EXERCISE GOAL: Restate word for word the lines below that run from the one holding "കുറുപ്പാണെന്നും സംവിധായകൻ പറഞ്ഞു." through the one holding "МОСКВА. На сцене", inclusive. Pictures don't belong in the copy.

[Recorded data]
+--

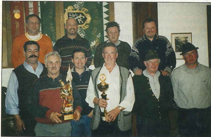
Der Sieg ging an „FF Strassen I“.
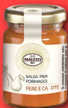
PERE E CAROTE 110 g
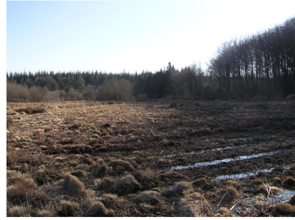
Vue hivernale du site restauré (Janvier 2008)
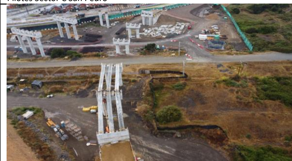
P. Superior ENAP-Sector A
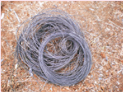
コーティングワイヤー
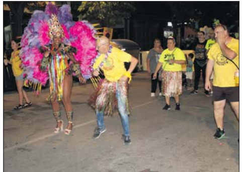
Tropical party night de los Saltats.
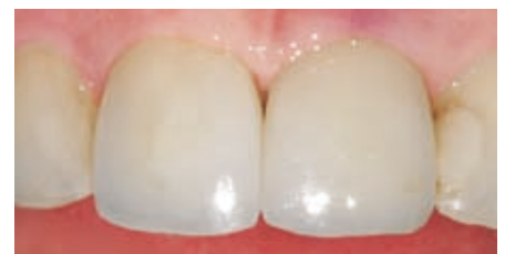
Einprobe mit Try-in-Paste.
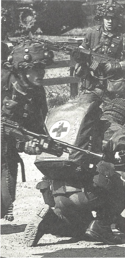
Auch die Schwedische Armee fördert die gefechtsmässige Ausbildung realistisch mit Simulatoren. Beachte die Detektoren auf dem Helm des Kämpfers links. Siehe auch Beschaffung der Schweizer Armee im Rüstungsprogramm 93 in diesem Heft. Ho

schluss mit anderen «revolutionären Gruppen». Die Kader der PKK werden geschult, verdeckt zu arbeiten. Die Bewegung finanziert ihre Aktivitäten durch Beiträge von hierlebenden türkischen Staatsangehörigen und zögert dabei nicht, zu gewaltsamen Mitteln gegenüber Zahlungsunwilligen zu greifen. OTI
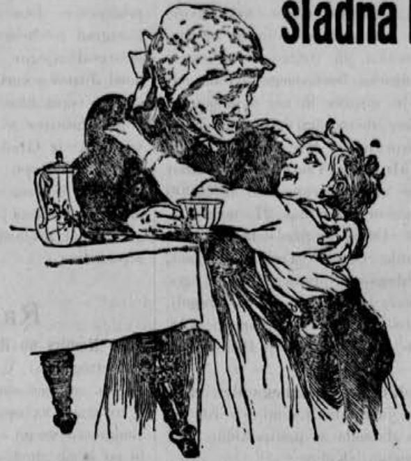
Mama mamica, se meni.

Že leta sem izpričano izvrstna primes k bobovi kavi. — Pri živčnih, srčnih, želodčnih boleznih, pri pomanjkanju krvi etc. zdravniško priporočena. — Najpriiljubljenejša kavina pijača v stotisočero rodovinah.
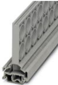
Leergehäuse, zur Montage auf NS 32 oder NS 35/7,5, doppelstöckig

Bitte beachten Sie, dass die hier angegebenen Daten dem Online-Katalog entnommen sind. Die vollständigen Informationen und Daten entnehmen Sie bitte der Anwenderdokumentation. Es gelten die Allgemeinen Nutzungsbedingungen für Internet-Downloads. ( http://download.phoenixcontact.de )
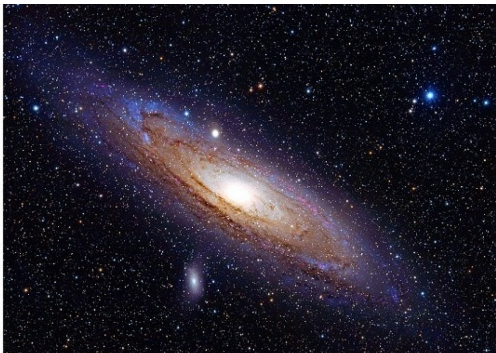
Космический снимок галактики

Однажды, дитя-индиго вглядывалось в ночное, усеянное калейдоскопом звёзд, небо. Глубокий пронзительно-синий взгляд то удалялся на сотни световых лет ввысь от земли, то возвращался и всматривался внутрь себя. И следующее простое открытие стало основным для философской теории о бессмертии душ, которые должны постепенно становиться звёздными богами. Ещё тогда оно получило простое и логичное название «Астротеизм». Небесные светила и человеческие души зажигаются и гаснут одинаково, отличаясь лишь размерами и зрелостью энергетического вещества, а каждая душа – это миниатюрный механизм, цель которой непрерывное производство того самого душевного тепла и света.
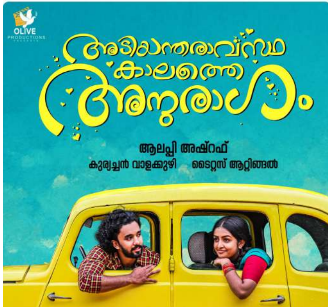
കുറുപ്പാണെന്നും സംവിധായകൻ പറഞ്ഞു. സാധാരണക്കാരായ ഒ
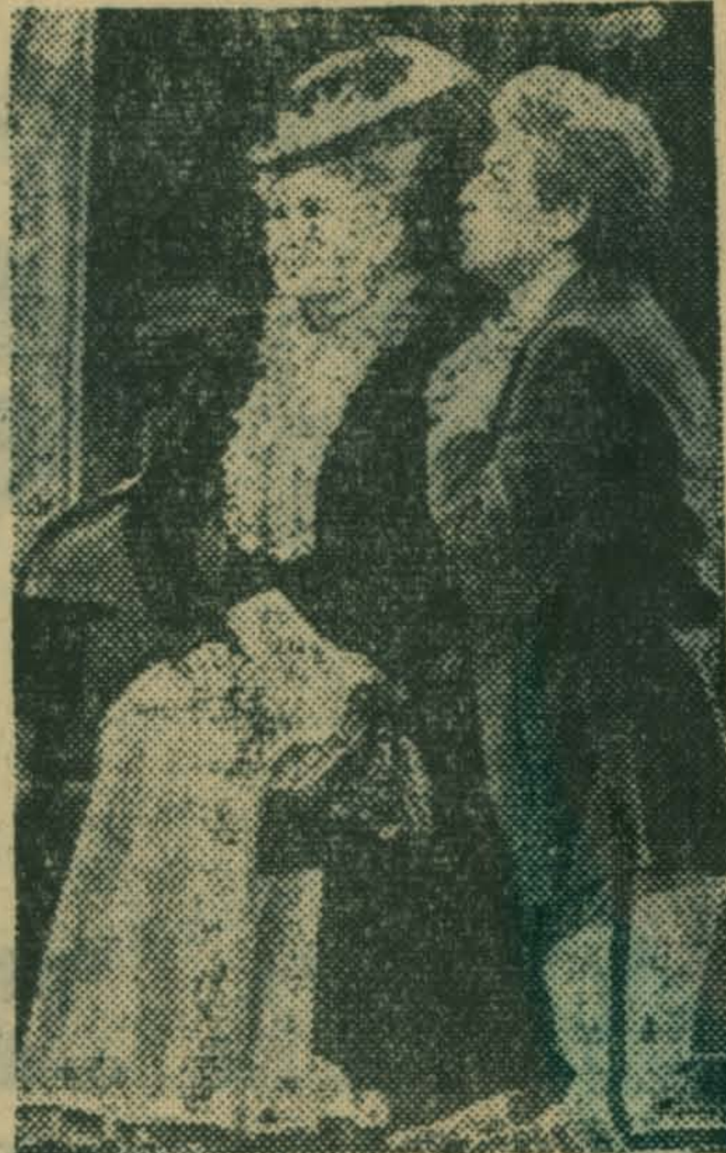
МОСКВА. На сцене Московского Художественного академического театра Союза ССР имени М. Горького поставлен спектакль по пьесе А. Н. Островского «На всякого мудреца довольно простоты».
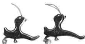
Merlin 2 og 3 finger release
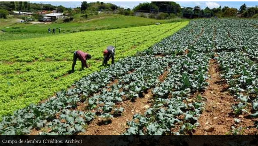
Campo de siembra

Los resultados de este encuentro se convertirán en políticas públicas que contribuyan a fortalecer el desarrollo rural y la sustentabilidad
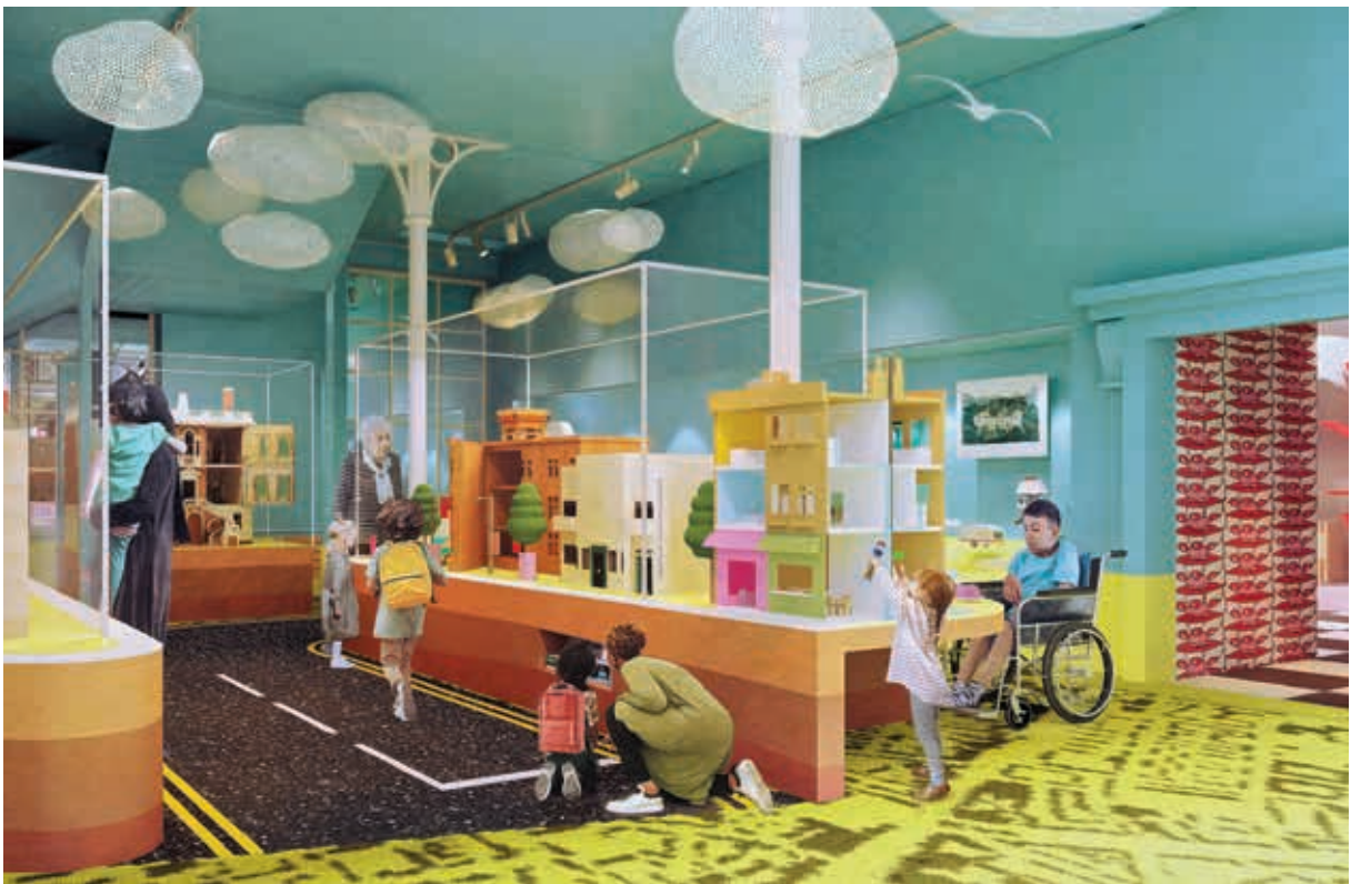
圖 10 Young V&A 想像廳以社區的生活情境佈置陳列娃娃屋 View into the Living Together display in the Imagine Gallery at Young V&A.

博物館若要成為「真正的」公共空間，那麼公眾對於它的成形是否應該要有一定的發言權？ 9 秉此問題意識，Young V&A 以「協作設計」 10 做為驅動其轉型重塑的的核心理念，這不僅對專
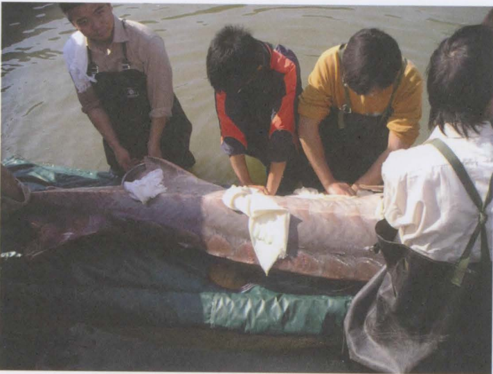
Obr. 14: Vlastní výtěr jikernačky jesetera čínského

+--

SOLUTION TO THIS EXERCISE:
കുറുപ്പാണെന്നും സംവിധായകൻ പറഞ്ഞു. സാധാരണക്കാരായ ഒ
МОСКВА. На сцене Московского Художественного академического театра Союза ССР имени М. Горького поставлен спектакль по пьесе А. Н. Островского «На всякого мудреца довольно простоты».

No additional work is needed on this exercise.